╔══

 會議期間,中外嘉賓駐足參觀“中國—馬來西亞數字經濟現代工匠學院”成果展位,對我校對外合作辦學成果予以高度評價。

╚══
╔══

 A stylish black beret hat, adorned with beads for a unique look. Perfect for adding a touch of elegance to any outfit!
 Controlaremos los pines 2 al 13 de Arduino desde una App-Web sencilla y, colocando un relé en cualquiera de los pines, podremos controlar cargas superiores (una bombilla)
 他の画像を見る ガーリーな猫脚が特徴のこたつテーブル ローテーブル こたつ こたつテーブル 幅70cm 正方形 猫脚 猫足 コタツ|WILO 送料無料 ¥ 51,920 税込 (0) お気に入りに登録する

╚══
╔══

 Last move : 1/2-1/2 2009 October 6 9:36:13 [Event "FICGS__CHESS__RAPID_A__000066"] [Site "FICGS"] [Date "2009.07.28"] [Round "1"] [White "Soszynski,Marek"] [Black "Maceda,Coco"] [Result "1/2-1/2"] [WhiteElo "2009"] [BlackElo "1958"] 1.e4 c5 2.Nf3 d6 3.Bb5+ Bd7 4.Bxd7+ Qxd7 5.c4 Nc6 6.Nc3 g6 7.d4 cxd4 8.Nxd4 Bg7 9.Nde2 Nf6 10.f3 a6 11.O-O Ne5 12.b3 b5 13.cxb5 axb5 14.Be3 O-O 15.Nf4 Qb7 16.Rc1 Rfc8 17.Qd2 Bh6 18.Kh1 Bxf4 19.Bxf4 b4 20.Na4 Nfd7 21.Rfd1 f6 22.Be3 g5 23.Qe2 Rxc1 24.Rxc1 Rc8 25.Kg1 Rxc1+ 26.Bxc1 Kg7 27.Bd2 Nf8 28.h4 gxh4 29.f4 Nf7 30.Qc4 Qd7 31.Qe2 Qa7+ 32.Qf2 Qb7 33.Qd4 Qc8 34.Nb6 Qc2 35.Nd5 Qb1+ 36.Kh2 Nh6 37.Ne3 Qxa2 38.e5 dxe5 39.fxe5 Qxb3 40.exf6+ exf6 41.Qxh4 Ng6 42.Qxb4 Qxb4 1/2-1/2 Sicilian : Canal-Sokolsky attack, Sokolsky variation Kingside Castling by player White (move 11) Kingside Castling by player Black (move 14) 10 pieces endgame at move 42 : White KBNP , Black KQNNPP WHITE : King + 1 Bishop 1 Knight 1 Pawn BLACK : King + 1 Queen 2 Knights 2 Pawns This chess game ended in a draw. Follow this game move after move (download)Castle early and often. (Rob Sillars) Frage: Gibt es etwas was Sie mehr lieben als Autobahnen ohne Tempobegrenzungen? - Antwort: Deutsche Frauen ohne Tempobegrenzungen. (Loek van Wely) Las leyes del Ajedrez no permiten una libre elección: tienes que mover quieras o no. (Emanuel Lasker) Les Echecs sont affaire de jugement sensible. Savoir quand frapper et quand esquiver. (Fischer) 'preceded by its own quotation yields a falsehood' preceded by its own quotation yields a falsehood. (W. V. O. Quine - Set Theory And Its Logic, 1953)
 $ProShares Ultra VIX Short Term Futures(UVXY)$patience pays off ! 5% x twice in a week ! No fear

╚══

The expected output is exactly the lines of the listing above between the line holding "A stylish black" and the line holding "他の画像を見る ガーリーな猫脚が特徴のこたつテーブル ローテーブル", inclusive.

 A stylish black beret hat, adorned with beads for a unique look. Perfect for adding a touch of elegance to any outfit!
 Controlaremos los pines 2 al 13 de Arduino desde una App-Web sencilla y, colocando un relé en cualquiera de los pines, podremos controlar cargas superiores (una bombilla)
 他の画像を見る ガーリーな猫脚が特徴のこたつテーブル ローテーブル こたつ こたつテーブル 幅70cm 正方形 猫脚 猫足 コタツ|WILO 送料無料 ¥ 51,920 税込 (0) お気に入りに登録する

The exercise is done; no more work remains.